If the patient cannot blow the follow-up fan blade 9 to drive the follow-up rotating shaft 10 to rotate one circle for many times under the same training intensity, the patient fails to move back one time anticlockwise by the periodic training disc 28, the back angle is 360 degrees/N, after the periodic training disc 28 rotates one circle anticlockwise, the periodic training disc 28 drives the intermittent type formula advance rod 47 to move back one grid, so that the current intensity adjustment dial groove 52 moves back to the position of the last intensity adjustment dial groove 52, the intensity adjustment frame 48 is driven to approach the resistance increasing turntable 42, the intensity adjustment tension spring 43 is contracted, the tension of the intensity adjustment tension spring 43 on the resistance increasing turntable 42 is reduced, the rotating resistance of the resistance increasing turntable 42 is reduced, the automatic degradation of the training intensity is realized, the training intensity of the patient is automatically judged, and the vital capacity of the patient is fully exercised under the condition without any sensor and detection mechanism.

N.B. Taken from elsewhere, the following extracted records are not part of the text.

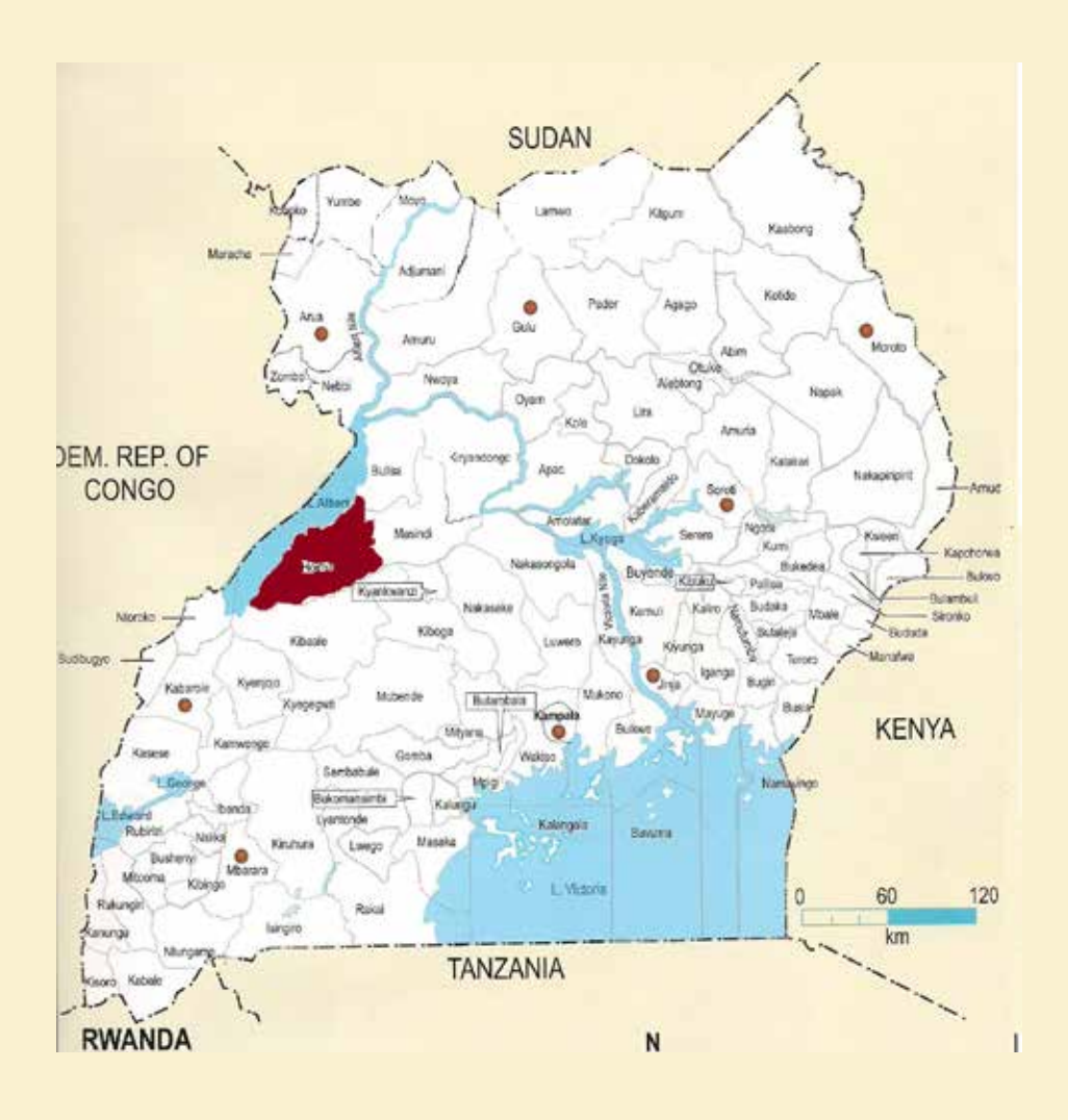
Figure 1: Map of Uganda showing the location of Hoima District
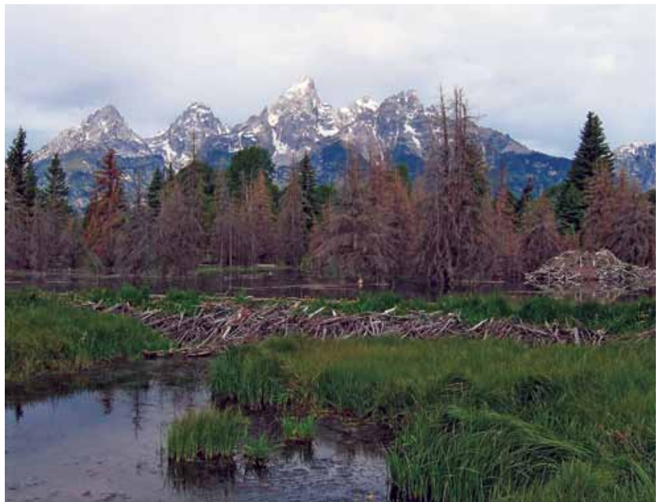
Figure 5. This beaver dam, pond, and lodge are located along the Snake River in Grand Teton National Park, Wyoming. Such public lands could be ideal places for more beaver wetlands.
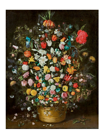
Jan Brueghel d.J. "Großer Blumenstrauß mit Kaiserkrone im Holzbottich". Circa 1625/30. Oil/canvas. Estimate 800,000–1,200,000
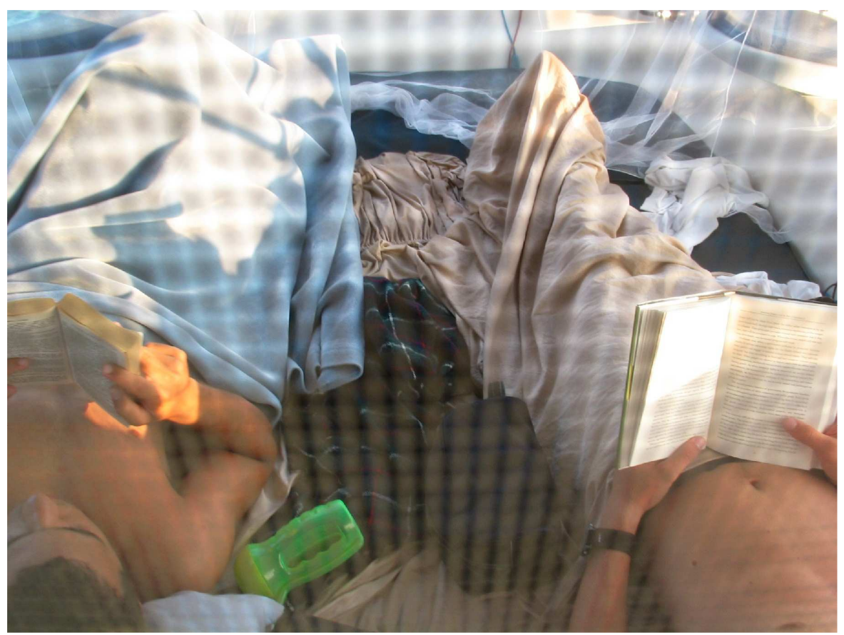
Most days begin with relaxation in the cool of the morning

We were up bright and early and planned to make the approximately 30 mile run to Chub Cay to refuel and anchor in position to head back across the Great Bahamas Bank the following day. We had not fueled since Alicetown in the Bimini Islands and had motored during most of our travels. I was down to around <sup>3</sup>/<sub>4</sub> of a tank and would be well below half by the time we reached Chub Cay. I was eager to get going, but it was the Bahamas after all, so we didn't depart until around 0815.
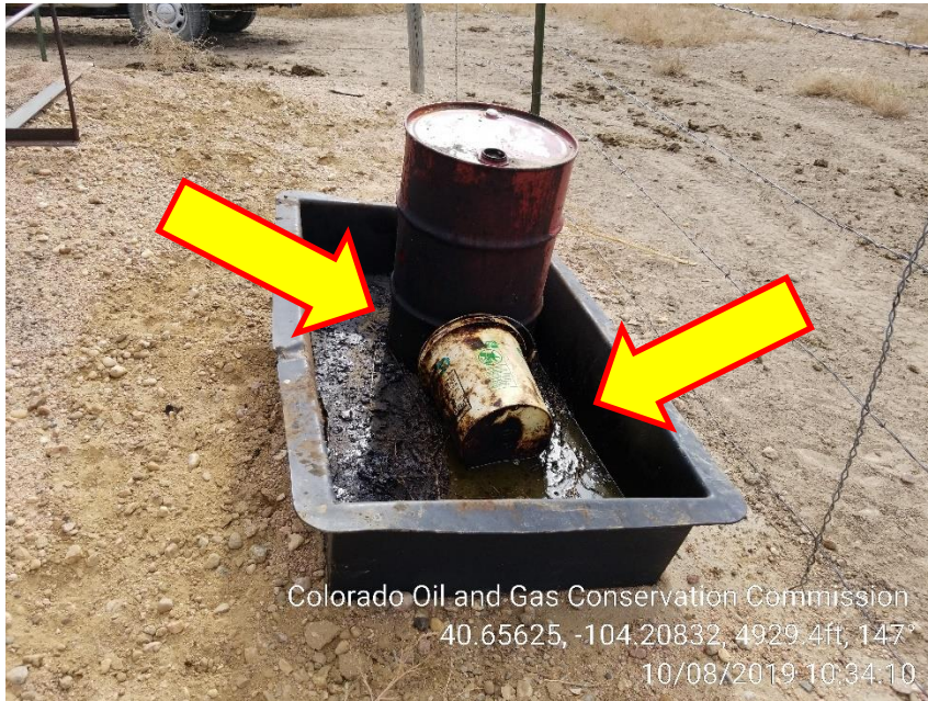
Photo 7 – Oily Waste and unused Chemical Containers at Pumping Unit
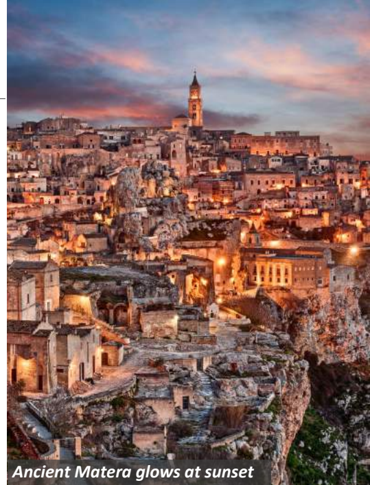
Ancient Matera glows at sunset

Many of the Western World's most important archaeological sites are found in Southern Italy and we explore several of them during our sojourn. Together we walk the streets of ruined city of Pompeii and we go inside the spectacular temples found at Agrigento—considered one of the most outstanding examples of Greater Greece art and architecture. And, for a truly unique experience, we stay in a cave hotel in ancient Matera—the city of caves where humans have dwelt for over 9,000 years.

It is noted that relational terms such as first and second, and the like are used solely to distinguish one entity or action from another entity or action without necessarily requiring or implying any actual such relationship or order between such entities or actions. Moreover, the terms "comprises," "comprising," or any other variation thereof, are intended to cover a non-exclusive inclusion, such that a process, method, article, or apparatus that comprises a list of elements does not include only those elements but may include other elements not expressly listed or inherent to such process, method, article, or apparatus.

Although embodiments of the present invention have been shown and described, it will be understood by those skilled in the art that various changes, modifications, substitutions and alterations can be made therein without departing from the principles and spirit of the invention, the scope of which is defined in the appended claims and their equivalents.

The invention and its embodiments have been described above with no limitation, and the actual construction is not limited to the embodiments of the invention as shown in the drawings. In summary, if one of ordinary skill in the art is informed by this disclosure, a structural manner and an embodiment similar to the technical solution should not be creatively devised without departing from the gist of the present invention.

Claims (6)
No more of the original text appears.